Problem to solve: Within the entries below, the lines from the one with "На веб-сервисе be-top" through the one with "16 Wood Hangers" are to be set down exactly, both ends kept.

Top of Provided records

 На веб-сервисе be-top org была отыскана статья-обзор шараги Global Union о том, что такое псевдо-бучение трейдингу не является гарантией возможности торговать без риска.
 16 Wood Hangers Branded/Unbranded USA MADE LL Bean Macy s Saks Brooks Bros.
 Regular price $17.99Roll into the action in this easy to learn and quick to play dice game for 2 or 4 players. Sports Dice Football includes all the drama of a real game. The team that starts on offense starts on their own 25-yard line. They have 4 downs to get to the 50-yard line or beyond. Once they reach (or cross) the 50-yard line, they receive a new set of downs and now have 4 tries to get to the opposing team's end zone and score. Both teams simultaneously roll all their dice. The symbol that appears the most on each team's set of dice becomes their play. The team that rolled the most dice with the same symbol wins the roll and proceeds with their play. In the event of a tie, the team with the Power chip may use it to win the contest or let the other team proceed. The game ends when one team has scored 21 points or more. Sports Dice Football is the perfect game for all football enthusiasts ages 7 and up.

Bottom of Provided records
Top of Provided records

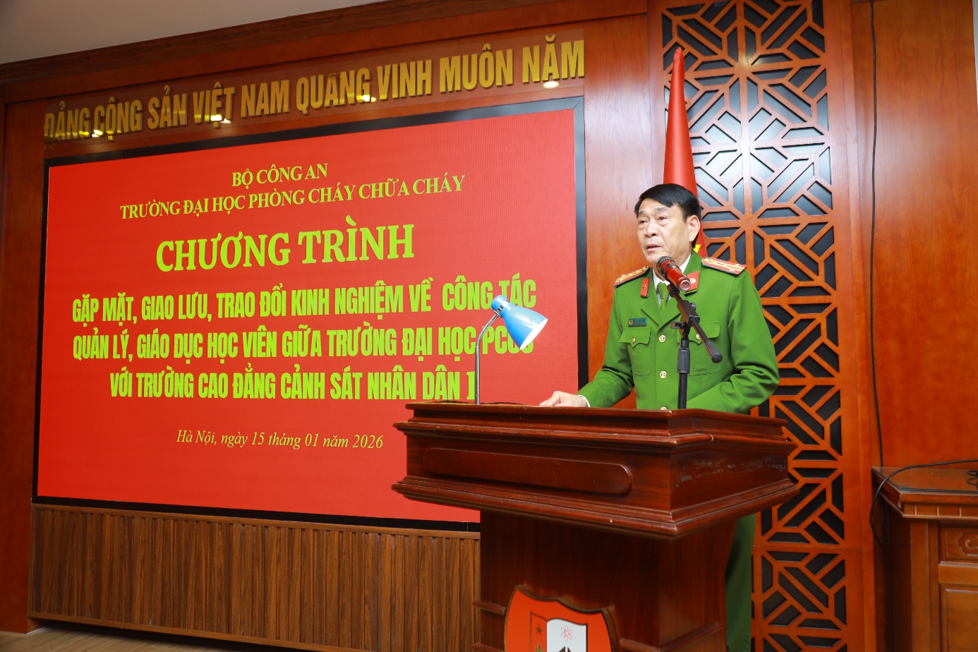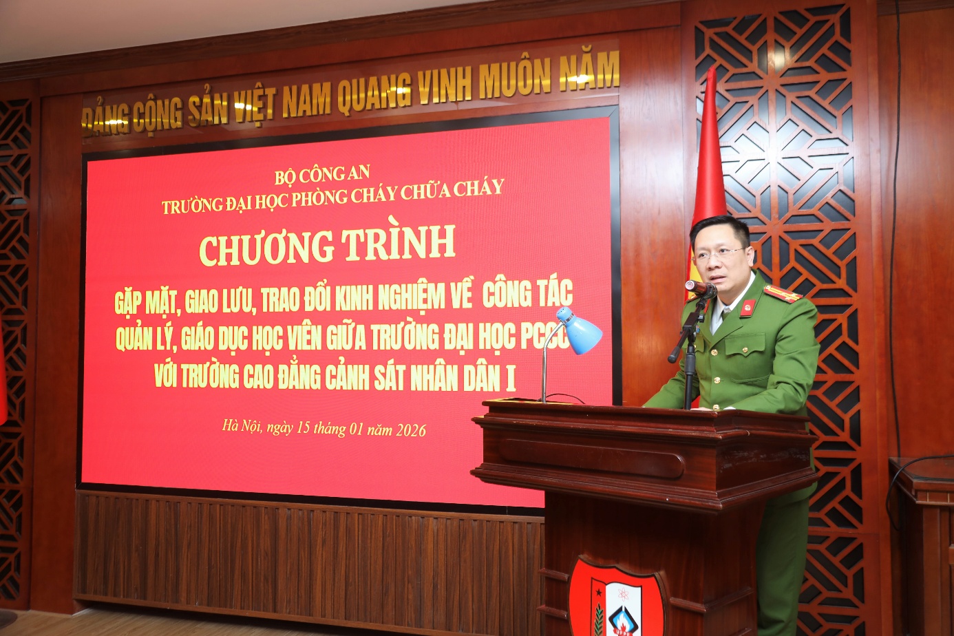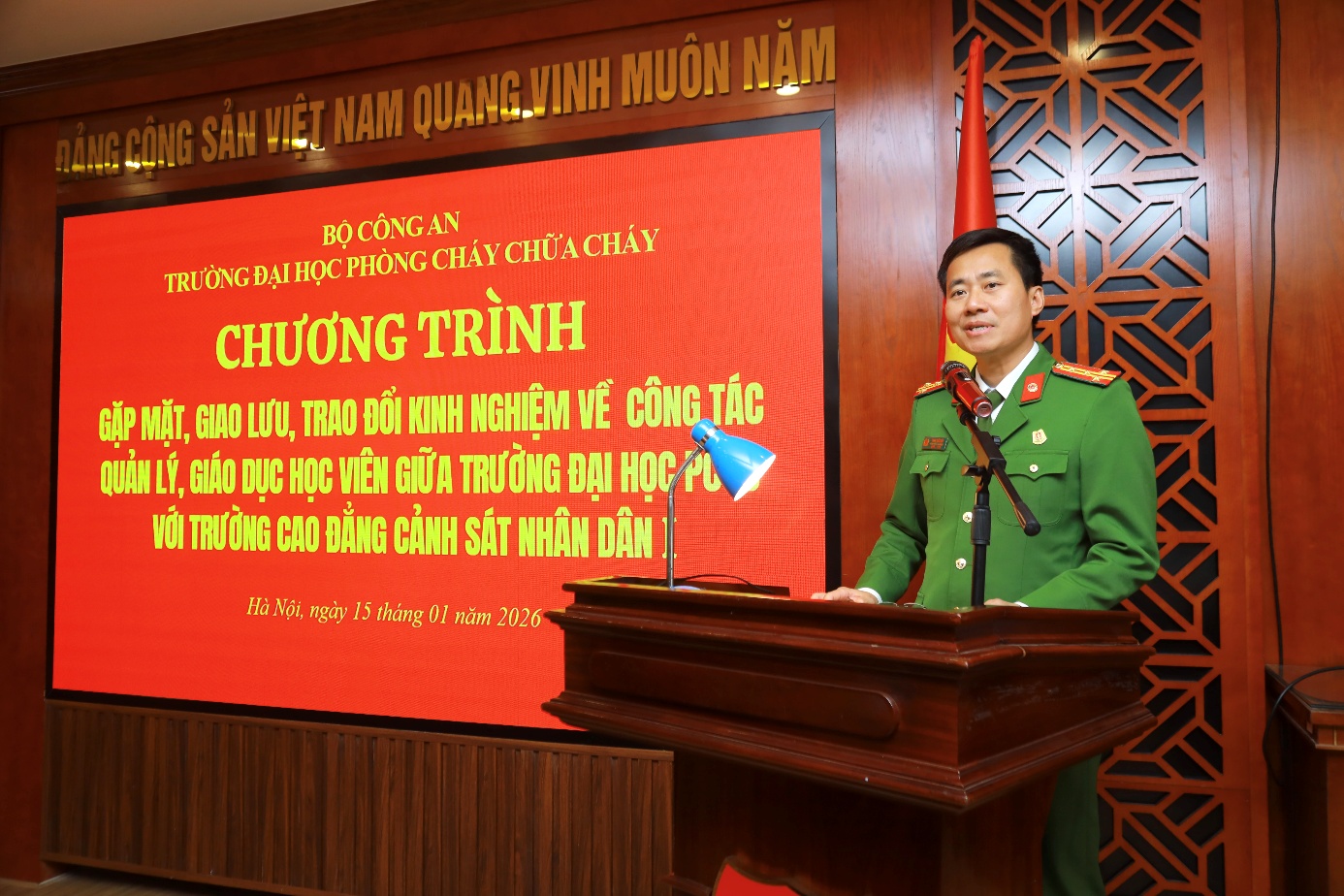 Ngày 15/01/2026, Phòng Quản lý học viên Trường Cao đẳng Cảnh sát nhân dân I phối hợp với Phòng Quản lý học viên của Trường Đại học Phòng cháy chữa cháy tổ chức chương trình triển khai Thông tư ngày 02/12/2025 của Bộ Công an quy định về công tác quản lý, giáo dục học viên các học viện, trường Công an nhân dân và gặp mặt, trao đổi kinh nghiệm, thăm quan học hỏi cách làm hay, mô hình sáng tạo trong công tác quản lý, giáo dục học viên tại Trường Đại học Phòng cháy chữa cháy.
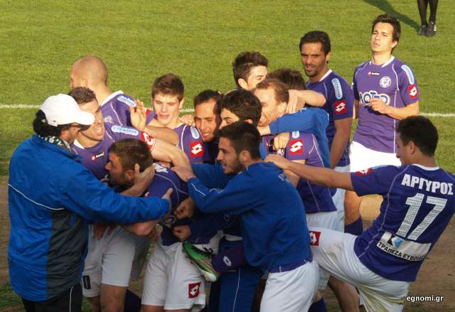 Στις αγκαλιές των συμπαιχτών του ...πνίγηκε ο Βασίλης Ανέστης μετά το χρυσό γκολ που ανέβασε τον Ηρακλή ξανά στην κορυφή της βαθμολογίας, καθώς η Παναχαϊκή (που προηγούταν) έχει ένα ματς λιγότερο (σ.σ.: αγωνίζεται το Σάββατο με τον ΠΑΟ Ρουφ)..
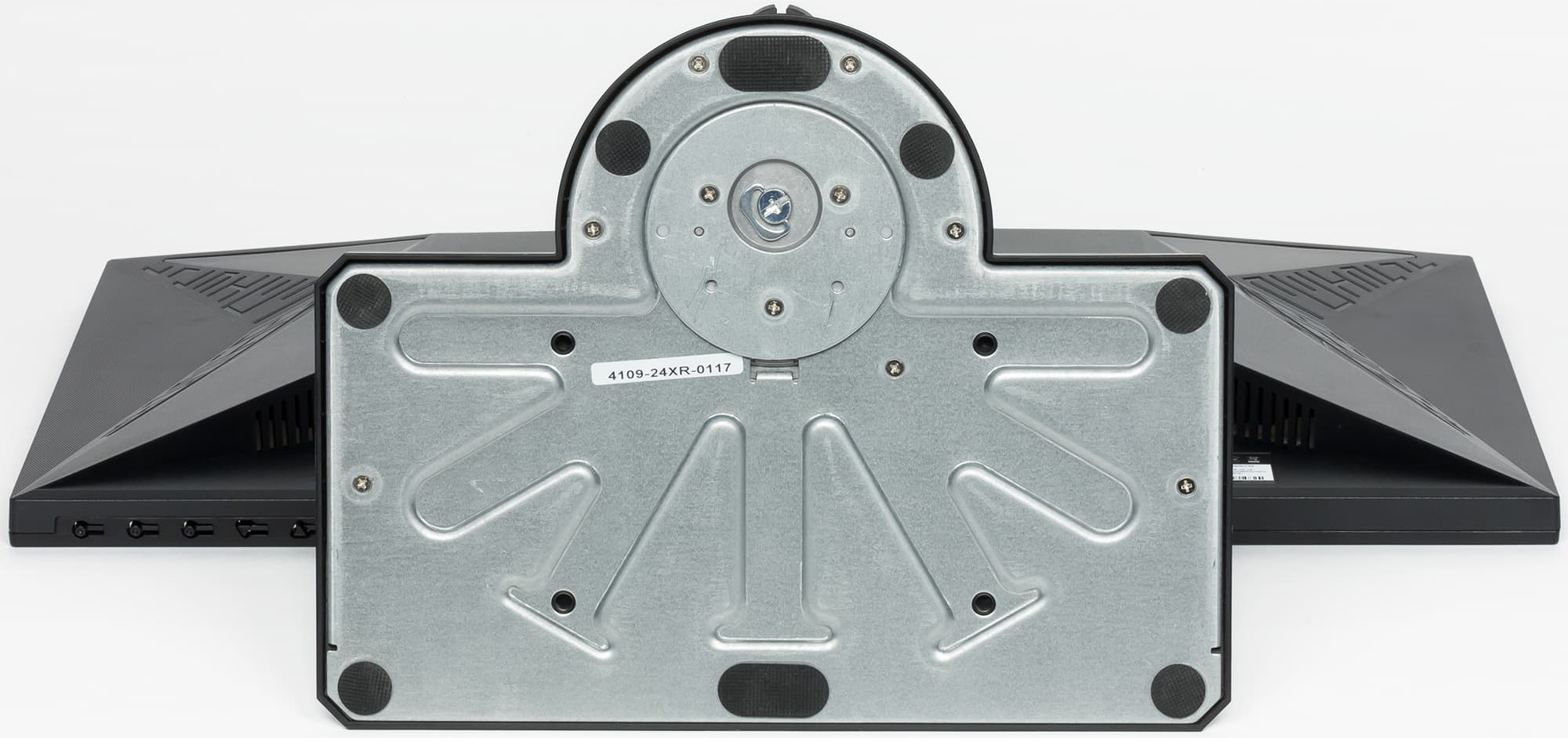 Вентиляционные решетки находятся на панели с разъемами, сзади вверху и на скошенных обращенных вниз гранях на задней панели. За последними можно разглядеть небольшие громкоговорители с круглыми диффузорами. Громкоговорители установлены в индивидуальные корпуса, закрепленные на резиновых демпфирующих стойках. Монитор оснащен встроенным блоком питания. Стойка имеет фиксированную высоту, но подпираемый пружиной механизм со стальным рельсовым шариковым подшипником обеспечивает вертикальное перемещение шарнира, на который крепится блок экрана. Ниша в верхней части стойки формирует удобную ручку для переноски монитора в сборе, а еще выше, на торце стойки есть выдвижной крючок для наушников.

Bottom of Provided records

Response to the task:
 На веб-сервисе be-top org была отыскана статья-обзор шараги Global Union о том, что такое псевдо-бучение трейдингу не является гарантией возможности торговать без риска.
 16 Wood Hangers Branded/Unbranded USA MADE LL Bean Macy s Saks Brooks Bros.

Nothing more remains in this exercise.